Le principe est simple: l'entretien d'un bien du domaine public est à charge du gestionnaire de celui-ci. Chaque autorité publique doit dès lors réparer les dégradations normales ou les dommages survenus sur son domaine. Il s'agit là d'une obligation d'entretien et de surveillance de son bien.

En matière de voirie, c'est donc à la Région que revient l'obligation d'entretenir les voiries régionales (ainsi que leurs dépendances - accotements, trottoirs, avaloirs, etc. -), à la province d'entretenir les voiries provinciales et à la commune d'entretenir les voiries communales.

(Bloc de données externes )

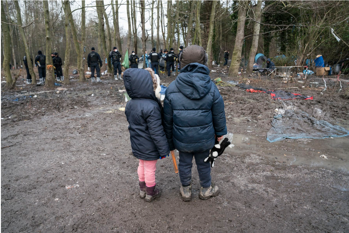
Two children watch as police seize their tent during an eviction of a migrant encampment in Grande-Synthe, northern France, January 21, 2021.

Police also carry out periodic mass evictions that remove everybody from an encampment. During these mass evictions, most people are forced to go to a reception center (officially, a “reception and assessment center,” centre d'accueil et d'évaluation des situations administratives , or CAES), where they usually are able to stay no more than a few days.

et l'UVCW de citer : "Ce principe général unanimement admis est rappelé à suffisance par des auteurs de doctrine. Ainsi, Bure, dans les Novelles, Voirie et construction, n° 204, p. 228, spécifie que "L'entretien et l'amélioration des routes de l'Etat [entendons aujourd'hui la Région wallonne] sont assurés par celui-ci"; Wilkin, dans Voirie et alignement, urbanisme et construction, pp. 203-205, reprend la même idée: "L'Etat [entendons la Région wallonne] supporte, sans aucun recours contre les communes ou les particuliers, le financement des travaux de la grande voirie… L'obligation d'entretenir la voirie est un devoir d'administration. La loi provinciale et la loi communale portent parmi les dépenses obligatoires celles qui concernent l'entretien de leur propre voirie. L'Etat [entendons la Région wallonne] porte traditionnellement au budget du Ministère des Travaux publics les dépenses d'entretien de toute sa voirie. L'entretien de la voirie incombe à l'administrateur: à l'Etat [entendons a Région wallonne], aux provinces et aux communes pour leur propre voirie … Le curage des fossés et l'entretien des taillis sont compris parmi les obligations du gestionnaire de la voirie". Enfin, M.-A. Flamme, dans son ouvrage Droit administratif, T. 11, p. 1065, n° 435, stipule que "La gestion des voies publiques relève des autorités dans le domaine desquelles elles se trouvent et comporte aussi bien le pouvoir de décider - discrétionnairement - les mesures d'entretien et d'amélioration paraissant utiles que la charge des dépenses qui en résultent". De même, ce principe est rappelé en jurisprudence, notamment par l'arrêt de la Cour de Cassation du 5.9.1969, Pas., 1969, I, 9: "Attendu que la responsabilité civile de l'Etat peut être engagée notamment lorsqu'une voie publique [relevant de la grande voirie], telle qu'elle est établie, ne donne pas aux usagers ce qu'elle promet d'après sa destination usuelle, ou lorsque l'Etat manque à son obligation d'entretenir une telle voie dans un état normal et sans vice…" M.-A. Flamme, op. cit., p. 1066, n° 435.